A significant number of people wear headwear with an attached brim, perhaps a baseball cap being the most common or popular of such items. The invention described in this document pertains to the field of brimmed headwear in general, and to baseball caps in particular.
The baseball cap consists of a crown portion to accommodate at least part of the wearer's head and an attached brim portion. The brim commonly consists of top and bottom pieces of fabric with a visor typically sandwiched in between the pieces. As such, the visor is generally (semi-) rigid and serves as the core layer of the brim. Visors can consist of a single piece or of multiple pieces. Visors can consist of one material or a variety of materials. Often a plastic or cardboard material with a thickness not much greater than 3 millimeters is used.
The functions of a brim vary from protecting the wearer's eyes and face from weather elements such as sun and rain, to enhancing the headgear's appearance for aesthetic purposes. A great many alterations have been made to the visor with these purposes in mind. Of note, Boo Yl Park, U.S. Pat. No. 6,408,443, proposes to have the inner & outer portions of the visor to be partially cut at predetermined intervals, primarily so as to allow the visor of a reversible headwear piece to maintain a desired curved shape when bent along the cut lines.
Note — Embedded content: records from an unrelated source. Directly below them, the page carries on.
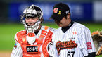 [OSEN=사직,박준형 기자] 16일 오후 부산 사직구장에서 열린 2014 한국야쿠르트 세븐 프로야구 롯데 자이언츠와 넥센 히어로즈의 경기,8회초 1사 1,2루 실점위기를 병살아웃으로 이닝종료 후 롯데 김성배 투수와 용덕한 포수가 이야
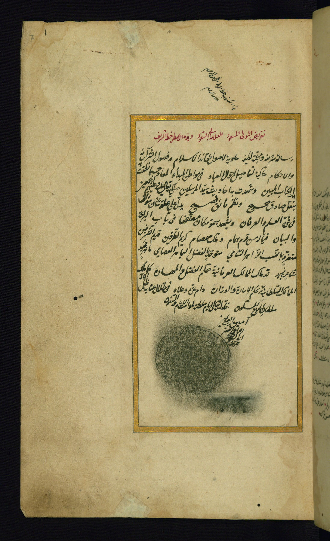 Approbation (recommendation) note on fol. 2a in Arabic signed by Abū al-Suʿūd Muḥammad; erased seal underneath with the number 712
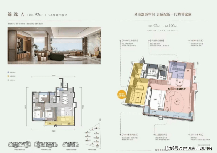 100㎡三房两厅两卫(规划计容面积约92㎡--锦逸):此户型分布在1/2/3/4/5/7/8/9号楼18层布局的中间户型,北向常见连廊结构连接;三开间朝南、动静分区设计;大开间小进深,即宽(开间)约11米,深(进深)约9.8米;客厅开间约4.8米、S墙设计预留冰箱镶嵌及鞋柜等位收纳位置;阳台开间约7.8米,拥有约18㎡主卧套间;
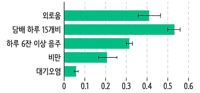 좀 더 외로움의 위험성에 대해 살펴볼게요. 위의 그래프는 외로움이 사망률에 얼마나 영향을 미치는지 여러 다른 조건들과 비교한 자료입니다. 담배를 하루에 15개비 미만으로 피우는 게 사망률 감소에 미치는 영향은 50% 이상입니다. 하루에 6잔 이상의 술을 섭취하는 사람과 금주하는 사람을 비교했을 때 금주가 사망률 감소에 미치는 영향은 30% 정도죠. 그렇다면 외로움은? 외로움이 사망률에 미치는 영향이 술과 담배와 비교했을 때 밀리지 않습니다. 영국과 일본이 국가가 나서서 외로움과 고독을 해결하려는 이유가 여기에 있어요.
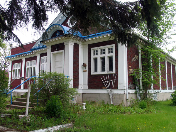 This neat wood-frame Masonic Lodge, constructed in 1921 and expanded in 1948, is centrally located in a residential neighbourhood east of Emerson’s downtown. Situated on a small corner lot, the one-storey building is distinguished by its red and white finishes and a few towering fir trees in its front yard. The site’s municipal designation (1997) applies to the building and its two lots. The building is one of the few remaining intact Freemasonry lodges in Manitoba and a good illustration of the type of facility that served this fraternal organization throughout the province. The classically detailed lodge retains its original character as well as the symbolic furnishings, finishes and regalia used by members of the Ancient Free and Accepted Masons in their rituals and meetings.
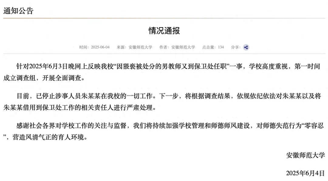 徽師范大學(xué)通報(bào)“因猥褻被處分的男教師又到保衛(wèi)處任職”:停止涉事人員一切

Also, part of the patent application by Tai-Kuang Wang, US patent application 20040006807, suggests making cuts or cut-out holes to both the visor as well as the crown portion of the headwear for aesthetic and air ventilation purposes.
While a certain level of visor stiffness is indeed necessary to properly perform the functions mentioned at the top of the prior paragraph, using a (semi-) rigid material in the brim has a major negative drawback: pressure is exerted to the wearer's head in the areas where the visor is attached to the headwear's crown portion, typically the forehead area with baseball caps, creating significant discomfort.
Attempts have been made to address this discomfort. Luke Evan Landers, US patent application 20030106135, has proposed to use a much softer overall material for the entire visor. Nevertheless, this severely diminishes a brim's much coveted capability to retain a desired shape. In an attempt to properly accommodate the varying shapes and sizes of the headwear's crown portion David Turner, U.S. Pat. No. 7,278,173, elected to insert slits into the visor, subdividing the visor into portions, so that the brim could expand in width if needed as a result of a stretching of the crown portion of the headwear. However, additional comfort is only achieved to the extent that such portions can move relative to one another. The portions in and of themselves do not provide any cushioning solution to direct pressure. An alternative approach has been to use a visor consisting of multiple pieces and multiple materials. The filing of Hui Tseng, in US patent application 20050235395, and the filing of Jon Kazuo Taguchi, in US patent application 20060174397, both describe visor embodiments that use this approach. Such embodiments typically include deformable and non-deformable portions, where the softer, more forgiving portion is positioned at the rear-end of the visor, i.e. where the visor is attached to the headwear's crown and thus most impacts the wearer's forehead area. Using multiple pieces and/or more than one material though, inevitably brings about a more complicated, more costly manufacturing process.
Alas, no prior art provides an optimal solution that combines great functionality with cost efficiency.